Last year, Eugenia Kuyda, an AI entrepreneur, was grieving for her best friend and hit upon the idea of feeding his old text messages into one of her company’s neural network-based chat bots, so that she and others could, in a way, continue to talk to him. Reaction to this was, unsurprisingly, mixed – this very episode was cited by those who were disturbed by the tribute. Even the robot bit might not be that far off, if that bloke who made the creepy Scarlett Johansson android has anything to say about it.

Plausibility rating: 4 out of 5

Episode 2: White Bear

Premise: A combination of mind-wiping technology and an elaborately staged series of fake events are used to punish criminals by repeatedly giving them an experience that will make them feel like their own victims did.

There is some evidence that it could be possible to selectively erase memories using a combination of drugs and other therapies, but would this ever be used as part of a bizarre criminal punishment? Well, this kind of “fit the crime” penalty is not totally unheard of – judges in America have been to known to force slum landlords to live in their own rental properties, for example. But, as presented here, it seems a bit elaborate and expensive to work at any kind of scale.
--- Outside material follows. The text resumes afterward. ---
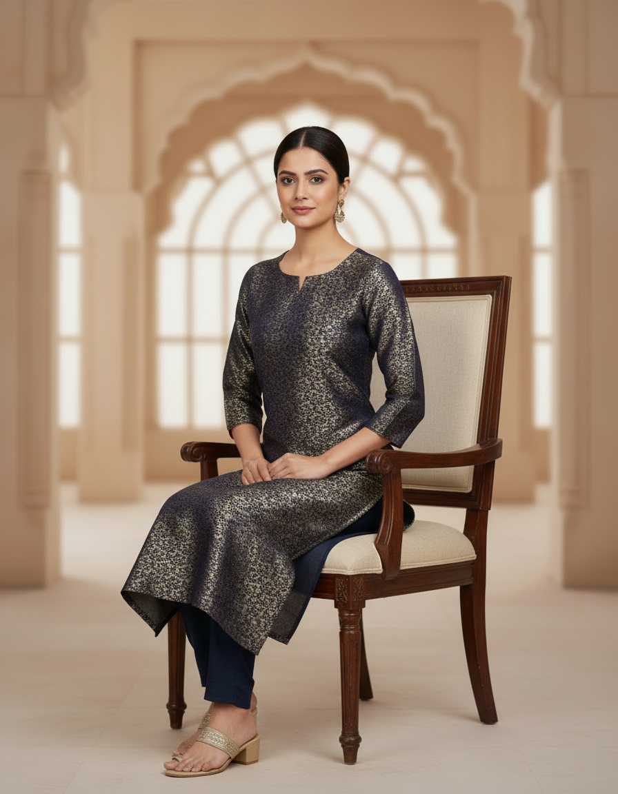 Navy Silk Full Banarasi Royale Kurti with Side Slit

Plausibility rating: 1 out of 5

Episode 3: The Waldo Moment

Premise: A cartoon bear stands as an MP.

This just couldn’t happen, without major and deeply unlikely changes to UK election law. Possibly the closest literal parallel in the UK was when Hartlepool FC’s mascot H'Angus the Monkey stood for, and was elected, mayor – although the bloke inside, Stuart Drummond, ran under his own name and immediately disassociated himself from the H’Angus brand to become a serious and fairly popular mayor.

There are no other parallels with grotesque politicians who may as well be cartoon characters getting close to high political office. None.

Plausibility rating: 0 out of 5

Christmas special (2015)

Episode: White Christmas

Premise 1: Everyone has a device implanted in their eyes that gives them constant internet access. One application of this is to secretly get live dating/pick-up artistry advice.

As with “The Entire History of You”, there’s nothing particularly unfeasible about the underlying technology here. There’s already an app called Relationup that offers live chat with “relationship advisers” who can help you get through a date; another called Jyst claims to have solved the problem by allowing users to get romantic advice from a community of anonymous users. Or you could, you know, just smile and ask them about themselves.

Plausibility rating: 4 out of 5

Premise 2: Human personalities can be copied into electronic devices. These copies then have their spirits crushed and are forced to become the ultimate personalised version of Siri, running your life to your exact tastes.

The Blue Brain Project research group last year announced they’d modelled a small bit of rat brain as a stepping stone to a full simulation of the human brain, so, we’re getting there.

But even if it is theoretically possible, using an entire human personality to make sure your toast is always the right shade of brown seems like overkill. What about the risk of leaving your life in the hands of a severely traumatised version of yourself? What if that bathwater at “just the right” temperature turns out to be scalding hot because the digital you didn’t crack in quite the right way?

Plausibility rating: 1 out of 5

Premise 3: There’s a real-life equivalent of a social media block: once blocked, you can’t see or hear the person who has blocked you. This can also be used as a criminal punishment and people classed as sex offenders are automatically blocked by everyone.

Again, the technology involved is not outrageous. But even if you have not worried about the direct effect of such a powerful form of social isolation on the mental health of criminals, letting them wander around freely in this state is likely to have fairly unfortunate consequences, sooner or later. It’s almost as if it’s just a powerful image to end a TV drama on, rather than a feasible policy suggestion.

Plausibility rating: 2 out of 5

Series 3 of Black Mirror is out on Friday 21 October on Netflix.